Closed furasli closed 4 years ago
I've been debugging this for some time now, because i had the same issue when i tried to design a more SwiftUIy API around the version from Apples tutorial (https://developer.apple.com/tutorials/swiftui/interfacing-with-uikit). I think i found the problem, but didn't come up with a satisfying solution yet.
When you store the UIHostingControllers on a level below the one that's holding the @State
property, updates off the property trigger them to be reloaded. It doesn't change the currently shown view controller, the index of which it uses to determine the next / previous page. Because it's not part of the array of view controllers anymore, the data source can't compute this index.
I suspect not accessing the @State
property prevents SwiftUI from triggering updates when it changes (maybe to safe resources?), which is why it only breaks when you try to actually do something with it.
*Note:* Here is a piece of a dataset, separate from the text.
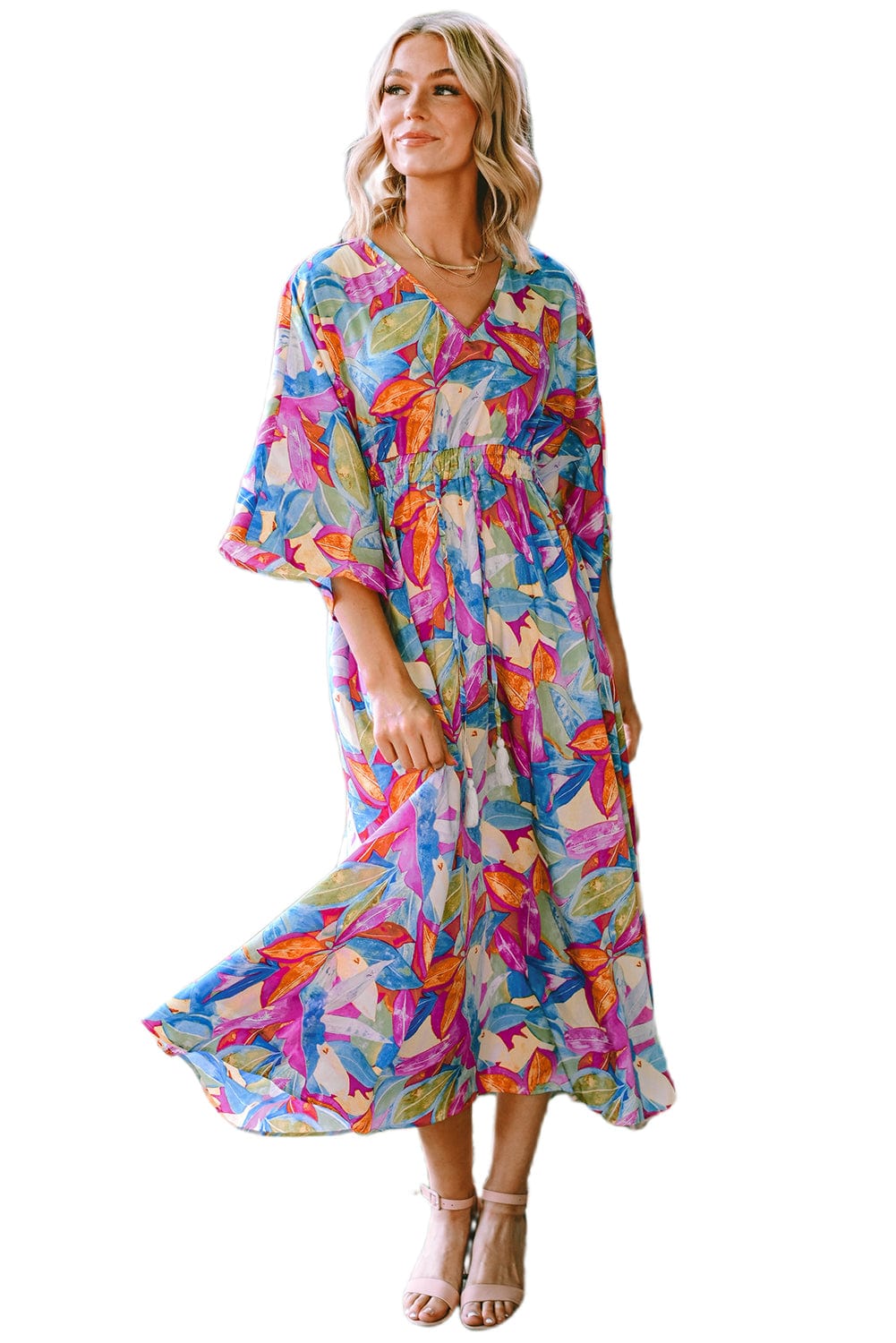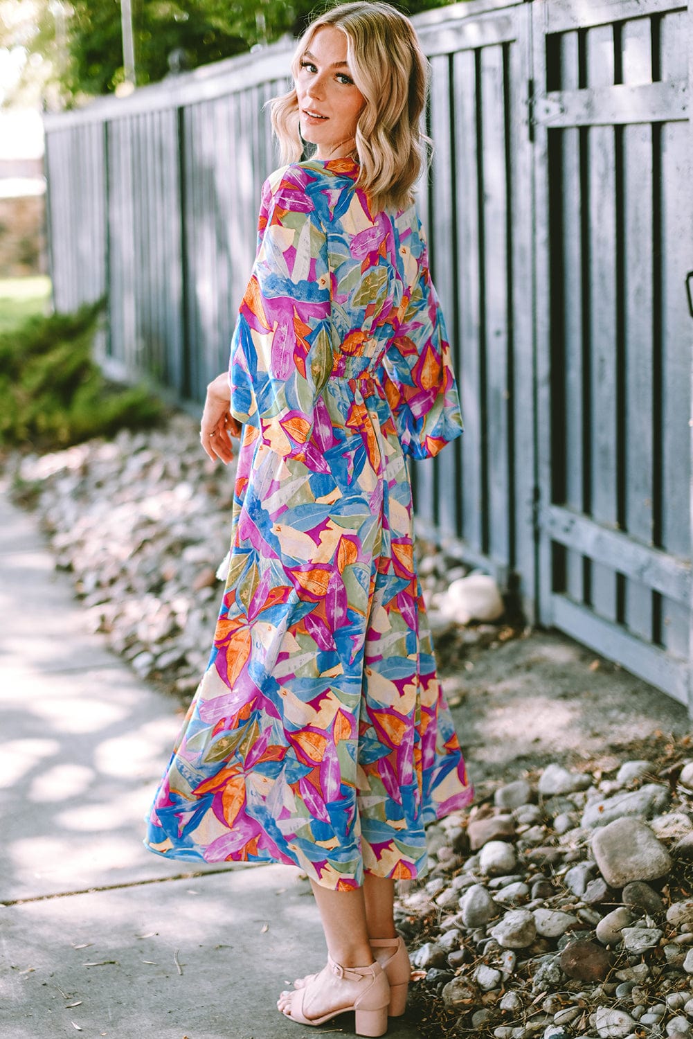 Embrace stunning style with Annie's Love Multicolour Abstract Print High Waist V Neck Maxi Dress. The abstract print forms a wearable art piece that will make you stand out. The high waist design provides a slimming effect while the elegant V-neckline accentuates your feminine silhouette. Experience comfort and relaxation with the flowy maxi length.

The reason i haven't come up with a fix yet is, that i'm not sure this is fixable - maybe it's possible to restore the state correctly after reloading all the UIHostingControllers, but maybe we shouldn't be recreating them all the time in the first place? I don't what difference to performance it actually makes, but it seems wasteful.
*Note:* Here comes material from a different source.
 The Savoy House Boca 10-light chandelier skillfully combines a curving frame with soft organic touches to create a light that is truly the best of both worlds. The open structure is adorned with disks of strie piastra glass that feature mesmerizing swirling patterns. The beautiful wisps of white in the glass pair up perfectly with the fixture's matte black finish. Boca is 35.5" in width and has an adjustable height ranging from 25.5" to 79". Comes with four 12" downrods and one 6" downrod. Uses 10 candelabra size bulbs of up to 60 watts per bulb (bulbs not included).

I've had some time to look at the issue, but if I understood you guys correctly it's working on my end. For example this works and lets me swipe right to left:
import SwiftUI
import Pages
struct HomeView: View {
@State var index = 0
var body: some View {
VStack {
Text("The current index is: \(self.index)")
Pages(currentPage: $index) {
Text("Page 1")
Text("Page 2")
Text("Page \(self.index + 1)")
}
}
}
}
struct HomeView_Previews: PreviewProvider {
static var previews: some View {
HomeView()
}
}
Does this solve your problem?
When i want to show current index, rightToLeft swipe is not working. If i enter to some text (like Text("Test header"), it's working. Really interesting.